An Open Letter from the SC/ST Teachers’ Forum & Concerned Faculty, University of Hyderabad to the HRD Minister

Dear Ms Irani,

Thanks to your stunning performance, we, many faculty members from the University of Hyderabad, are compelled to do what we should have done in the last one month or so, but could not bring ourselves to – write, write about Rohith, write about our other students, write about the state of academics, write about ourselves and write about society at large. Our first acknowledgement to this therefore goes to you for revealing yourself and for bringing us back from grief, from reflection, from teaching and from various other mundane things we do as part of our job.

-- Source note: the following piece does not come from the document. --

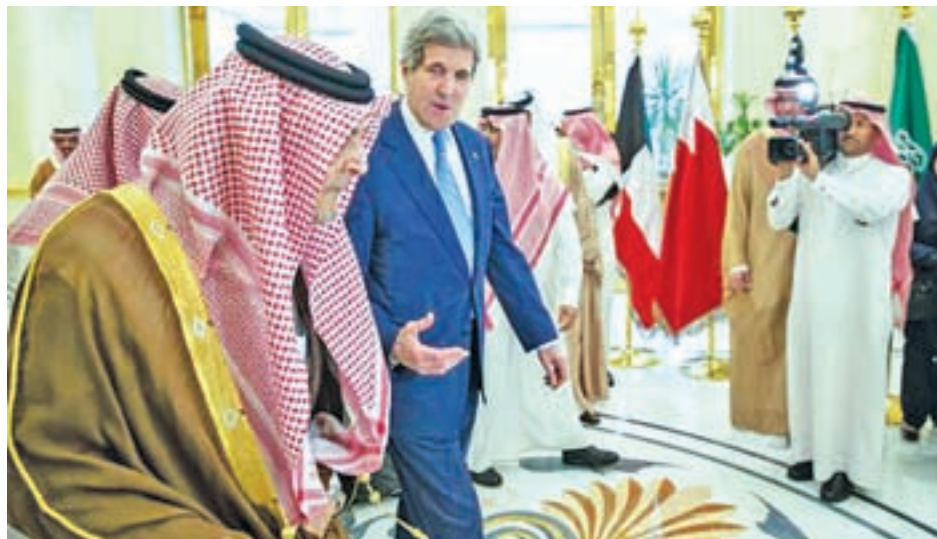
US Secretary of State John Kerry walks with Saudi Arabia's Foreign Minister Saud bin Faisal bin Abdulaziz Al Saud (L) during a meeting of Gulf foreign ministers at Riyadh Air Base on 5 March, 2015.

RIYADH, 5 March — US Secretary of State John Kerry met Gulf Arab foreign ministers in Riyadh on Thursday to brief them on progress in the nuclear talks with Iran and offer reassurance that any deal would not damage their interests.

As we watched you in disbelief on our TV screens on February 24, you in a voice choked with emotion, again and again referred to the "child" whose death has been used as a political weapon. We were left bewildered. At what precise point, Madam Minister, did this sinister, anti-national, casteist Dalit student of the University of Hyderabad transform into a child for you?

Definitely not in those five rejoinders from MHRD between September 3, 2015 and November 19, 2015 with the subject line, "anti-national activities in Hyderabad Central University Campus"? Definitely, not when you chose to overlook and endorse what can only be read as extra-ordinarily aggressive and unfounded allegations by a minister in your own government, Mr. Bandaru Dattatreya?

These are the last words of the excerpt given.